Perhaps a little bit too clever.

 

Game summary: comprised of lavishly illustrated panels that players arrange and combine to solve puzzles. (Steam)


I first tried playing Gorogoa years ago and, despite it's incredibly short length - there's an achievement for beating it in under thirty minutes, which I missed out on by ten minutes - gave up because the increase in difficulty for the puzzles was too jarring when I'd only wanted an fairly simple brainteaser, which the art style hinted it might be.


But, wanting to clear a game from my ludicrous backlog of hundreds, I gave it another go and pushed through to the end, even if some of my solutions to the puzzles presented were a result of dumb luck or simply by just trying everything to get past each frustrating step. There are also some timing critical puzzles, which you need to do first time if you're achievement hunting, but the game will never warn you about them.


It's a shame that the puzzles quickly escalate from simple logic to overly-complex, multi-step solutions although the game's length may have something to do with that - there's also the fact that the developer was taking so long to get Gorogoa out that Annapurna, the publishers, basically forced it to be finished and it may be that there are sections missing that bridge the gap between the simple and harder puzzles.


The biggest reason that the rate of complexity is so drastic proved to be such a disappointment for me is that I very quickly stopped caring about the story, which makes little sense anyway, and I also stopped caring about how the game looks, when it's actually very pretty indeed - in fact, I'd go so far to say that the game's looks are probably the main reason to buy/try this and stick with it to the finish.


How you solve puzzles also looks great, dragging various comic book-style panels into the right places, to either overlap each other to create new images in each panel, or to create larger, multi-panel scenes that are very impressive to see at times when you're so used to seeing smaller images in the four individual panels for the most part - again, it's a shame the complexity of the puzzles means you'll most likely be glad to get them out of the way rather than appreciate how nice it all looked.
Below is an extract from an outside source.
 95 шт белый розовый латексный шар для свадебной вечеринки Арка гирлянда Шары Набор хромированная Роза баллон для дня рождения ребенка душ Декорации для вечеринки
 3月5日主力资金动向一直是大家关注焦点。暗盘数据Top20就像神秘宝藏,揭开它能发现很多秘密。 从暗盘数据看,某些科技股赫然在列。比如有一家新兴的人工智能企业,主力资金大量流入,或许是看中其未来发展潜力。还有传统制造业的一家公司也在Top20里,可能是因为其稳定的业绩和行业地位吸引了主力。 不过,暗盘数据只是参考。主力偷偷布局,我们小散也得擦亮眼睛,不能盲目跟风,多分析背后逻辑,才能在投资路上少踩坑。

If I was to recommend Gorogoa to anyone, I would warn them that they almost to ignore the great visuals and equally enjoyable and non-intrusive musical score. Ignore the 'story' playing out and literally treat it as nothing more than a puzzle game - you should also ignore the style of puzzles for the first third, as they are way too easy in comparison to what is to come later on.
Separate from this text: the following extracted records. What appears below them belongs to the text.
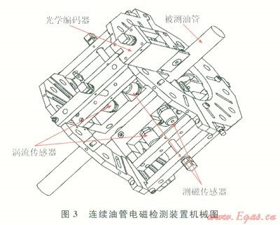 連續(xù)油管電磁檢測(cè)系統(tǒng)主要由上位機(jī)、檢測(cè)單元、數(shù)據(jù)采集和信號(hào)分析處理子系統(tǒng)、數(shù)據(jù)通信子系統(tǒng)構(gòu)成(圖3)。其中,檢測(cè)單元主要由磁法檢測(cè)儀、橢圓度測(cè)量單元、旋轉(zhuǎn)編碼器定位單元、數(shù)據(jù)采集單元組成。微磁檢測(cè)單元中的6個(gè)磁通門測(cè)磁傳感器和用于橢圓度測(cè)量的6個(gè)電渦流傳感器都是相互獨(dú)立且由相對(duì)應(yīng)的軟件調(diào)試、控制,這樣可以保證即使在其中一個(gè)傳感器出現(xiàn)問題也不會(huì)影響整個(gè)系統(tǒng)的正常運(yùn)行。圖2是用于將測(cè)磁傳感器、渦流傳感器、光學(xué)編碼器等3種探頭安裝于連續(xù)油管作業(yè)車上實(shí)現(xiàn)在線檢測(cè)的裝置機(jī)械圖。圖3中標(biāo)出了3種探頭的安裝位置。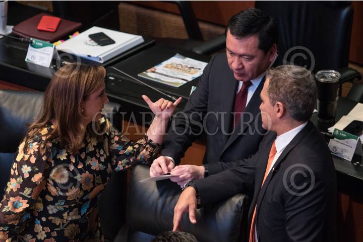CIUDAD DE MÉXICO, 04DICIEMBRE2018.- El senador de Morena, Napoleón Gómez Urrutia y Carlos Aceves del Olmo, senador del PRI, conversan durante la sesión del pleno del Senado de la República. FOTO: MISAEL VALTIERRA /CUARTOSCURO.COM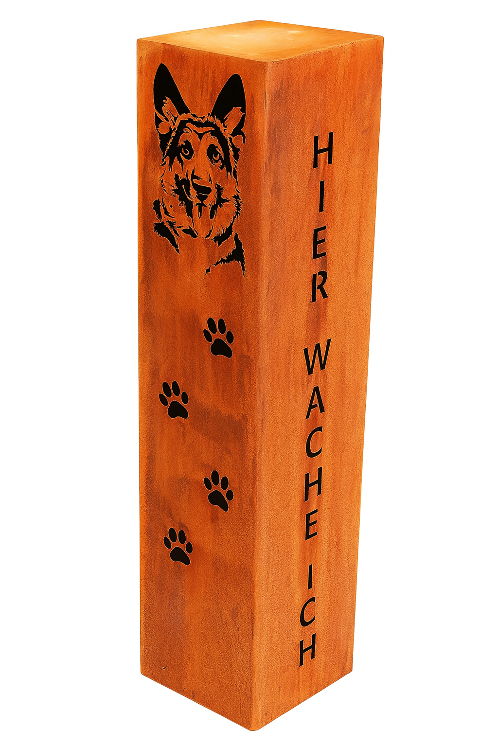 Gartensäule – „Hier wache ich“ mit Hundekopf Schäferhund – Edelrost |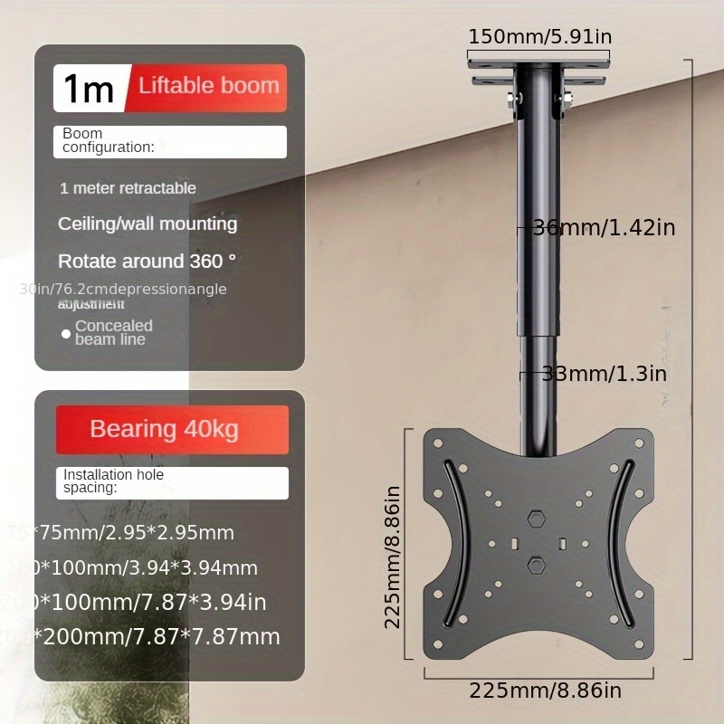 TEMU TV 행잉 스탠드, 천장형 TV 스탠드 풀 모션 TV 스탠드, 대부분의 32-75인치 평면/곡면 TV/모니터용, 회전 틸트 높이 조절 가능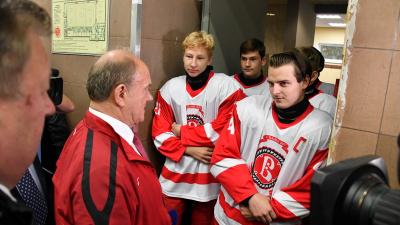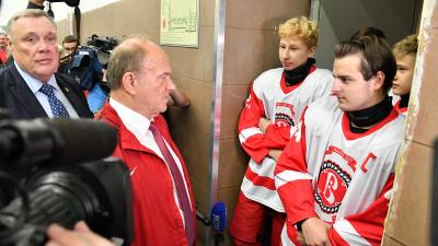 Лидер КПРФ Г.А. Зюганов обратился к присутствующим на ледовой арене спортсменам и зрителям на трибунах:

Gorogoa has a great art style and a soothing soundtrack to match it, but the story-telling is so piecemeal that it's difficult to tell what's going on at all - and no explanation as to why - and the puzzles go so quickly from involving simple logic to nonsensical solutions it'll make your head spin. Chuck in the fact that they bear very little thematic or narrative relevance too and it makes you wonder why it's all connected in the first place.